I sistemi di distribuzione elettrica tradizionali sono stati progettati per gestire la corrente alternata (AC). I dispositivi di sicurezza standard, che proteggono case e fabbriche da decenni, si affidano alla natura oscillante della corrente alternata per rilevare i guasti. I veicoli elettrici, tuttavia, funzionano con architetture di batterie a corrente continua (CC). Durante il processo di ricarica, la corrente alternata proveniente dalla rete viene convertita in corrente continua da un caricatore di bordo (OBC) o all'interno della base di ricarica stessa. Se durante questa conversione si verifica un guasto all'isolamento, la corrente CC grezza può riversarsi nella rete elettrica CA.

Ciò crea uno scenario terrificante: i dispositivi di protezione standard possono essere effettivamente 'accecati' da questa dispersione di corrente continua, rendendoli del tutto inutilizzabili se un essere umano riceve una scossa elettrica letale. Per combattere questo problema, gli organismi internazionali di sicurezza hanno imposto rigorosi aggiornamenti ai dispositivi a corrente residua (RCD). In questa guida ingegneristica B2B completa, analizzeremo le differenze tecniche critiche tra gli RCD di tipo A e di tipo B, spiegheremo la fisica della saturazione del nucleo magnetico e garantiremo che la tua infrastruttura per veicoli elettrici sia conforme ai più severi standard di sicurezza del 2026.

La fisica del rilevamento della corrente residua

Per capire perché la ricarica dei veicoli elettrici richiede una protezione specializzata, dobbiamo prima esaminare brevemente come funziona la protezione differenziale standard. Un tipico dispositivo di corrente residua si basa su un trasformatore di corrente a sequenza zero (ZCT) costruito attorno a un nucleo magnetico altamente sensibile.
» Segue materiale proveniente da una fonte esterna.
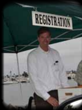
The Chairman wants you!

The 50th Was Fantastic! Now, Onward to the 51st!
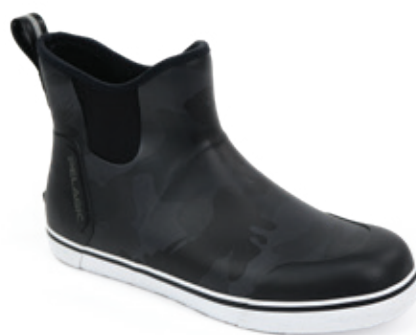
BLACK 1430201002 | BLK
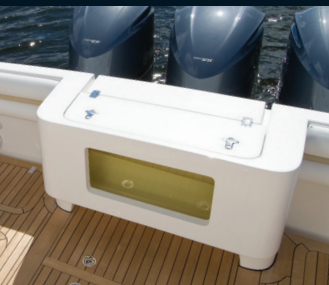
Above deck aft live baitwell
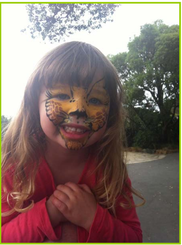
Beautiful face painting at Children's Day
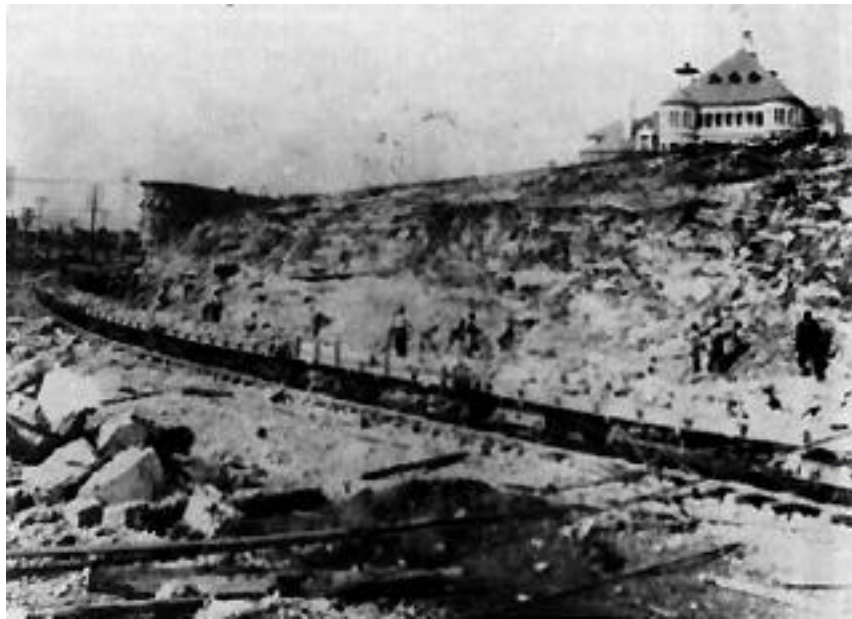
Figure 6. Stone Fort Quarry in downtown Chattanooga.

— Chattanooga Yesterday and Today Volume I Heiner Printing Company 1951
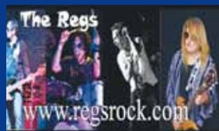
THE REGS Sunday, Jan. 26 1-6 pm
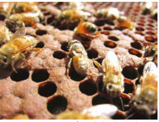
Deformed wing virus and varroa.

In condizioni operative normali, la corrente alternata che scorre attraverso il filo sotto tensione (fase) è perfettamente uguale alla corrente che ritorna attraverso il filo neutro. Queste correnti opposte creano campi magnetici all'interno del nucleo che si annullano a vicenda, risultando in un flusso magnetico netto pari a zero.

Se una persona tocca un filo sotto tensione, una piccola quantità di corrente (corrente residua) si disperde attraverso il suo corpo nella terra. La corrente in uscita non è più uguale alla corrente di ritorno. Questo squilibrio crea un flusso magnetico nel nucleo, che induce una tensione in una bobina secondaria, attivando un relè sensibile che fa scattare fisicamente l'interruttore e interrompe l'alimentazione. Questa azione salvavita avviene in millisecondi.

Che cos'è un DMC di tipo A?

L' RCD di tipo A è attualmente il requisito di base standard per le moderne installazioni elettriche residenziali e commerciali generali. Si tratta di un enorme passo avanti rispetto all'obsoleto tipo AC (che ora è vietato in molti paesi perché rileva solo guasti AC regolari e sinusoidali).

Un RCD di tipo A è progettato per rilevare:

  • Guasti a terra in corrente alternata standard (AC).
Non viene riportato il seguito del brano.